DATASET EXTRACT:
-------------------------
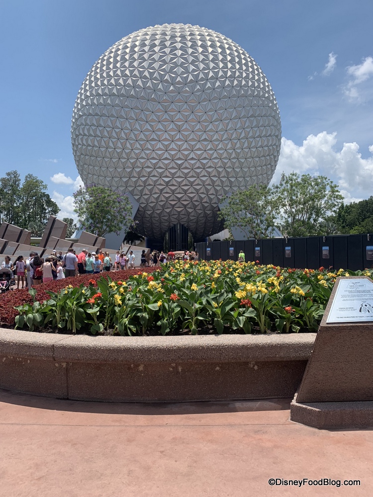 Since Epcot’s Flower & Garden Festival ended on June 3, the garden display at the main entrance is no longer there.
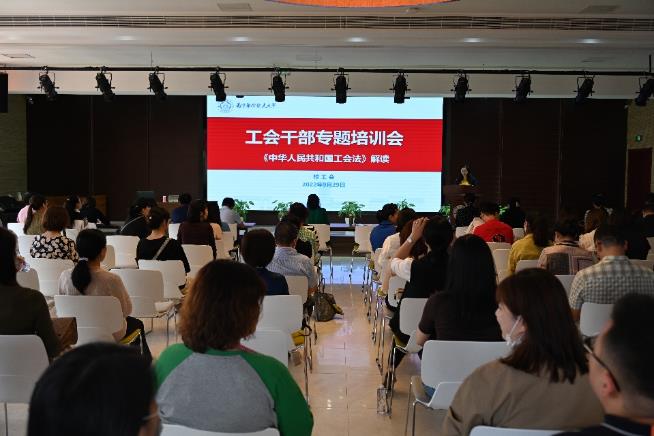9月29日下午,校工会在西苑教工活动中心501多功能厅举办了工会干部专题培训会,学习新修改的《中华人民共和国工会法》。全体专职工会干部、校院两级工会主席、工会委员,以及教职工诉求联络员代表参加培训。会议由校工会常务副主席余春玲主持。
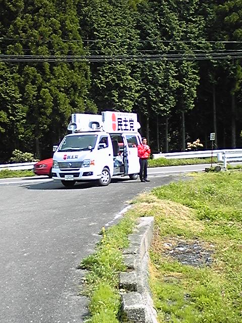 北部の山間部を中心に、街宣と辻立ちという組み合わせでした。まさに山に向かって叫ぶ、という感じの辻立ち。山に反射して声も響き渡ります。
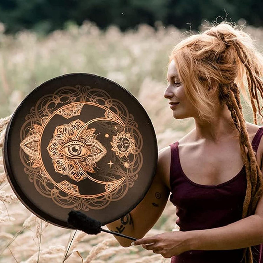- Medium drums (18" - 22" / 45 - 55 cm) → A balanced choice between deep resonance and portability. These drums provide rich, warm tones suitable for rituals, group ceremonies, and meditation.
-------------------------
WORK REQUIRED: Drop the images and copy all the data exactly.

SOLUTION TO THIS EXERCISE:
 Since Epcot’s Flower & Garden Festival ended on June 3, the garden display at the main entrance is no longer there.
9月29日下午,校工会在西苑教工活动中心501多功能厅举办了工会干部专题培训会,学习新修改的《中华人民共和国工会法》。全体专职工会干部、校院两级工会主席、工会委员,以及教职工诉求联络员代表参加培训。会议由校工会常务副主席余春玲主持。
 北部の山間部を中心に、街宣と辻立ちという組み合わせでした。まさに山に向かって叫ぶ、という感じの辻立ち。山に反射して声も響き渡ります。
- Medium drums (18" - 22" / 45 - 55 cm) → A balanced choice between deep resonance and portability. These drums provide rich, warm tones suitable for rituals, group ceremonies, and meditation.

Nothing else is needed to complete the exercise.